*** Opening of Data extract ***

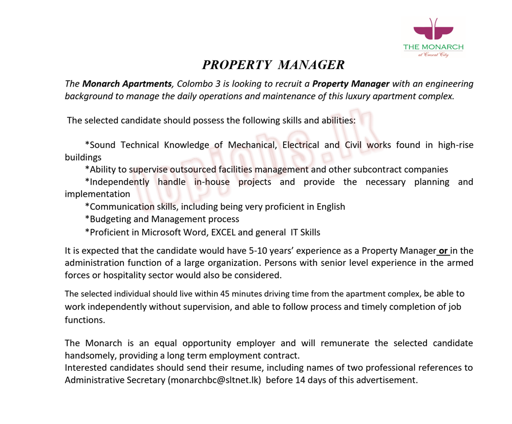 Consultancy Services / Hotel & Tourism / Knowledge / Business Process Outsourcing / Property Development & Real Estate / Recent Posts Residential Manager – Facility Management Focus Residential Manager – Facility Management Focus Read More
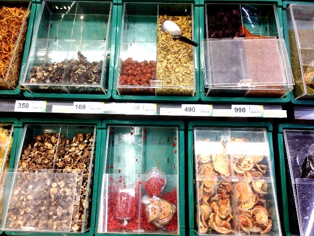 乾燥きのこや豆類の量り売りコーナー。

*** Close of Data extract ***
*** Opening of Data extract ***

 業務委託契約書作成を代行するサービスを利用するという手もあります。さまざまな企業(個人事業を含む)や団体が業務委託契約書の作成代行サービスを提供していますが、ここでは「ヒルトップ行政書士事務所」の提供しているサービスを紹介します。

*** Close of Data extract ***

Please output, exactly as written, the lines above from the one holding "Consultancy Services /" through the one holding "乾燥きのこや豆類の量り売りコーナー。", both included, with the pictures omitted.

▸ **Solution**:
 Consultancy Services / Hotel & Tourism / Knowledge / Business Process Outsourcing / Property Development & Real Estate / Recent Posts Residential Manager – Facility Management Focus Residential Manager – Facility Management Focus Read More
 乾燥きのこや豆類の量り売りコーナー。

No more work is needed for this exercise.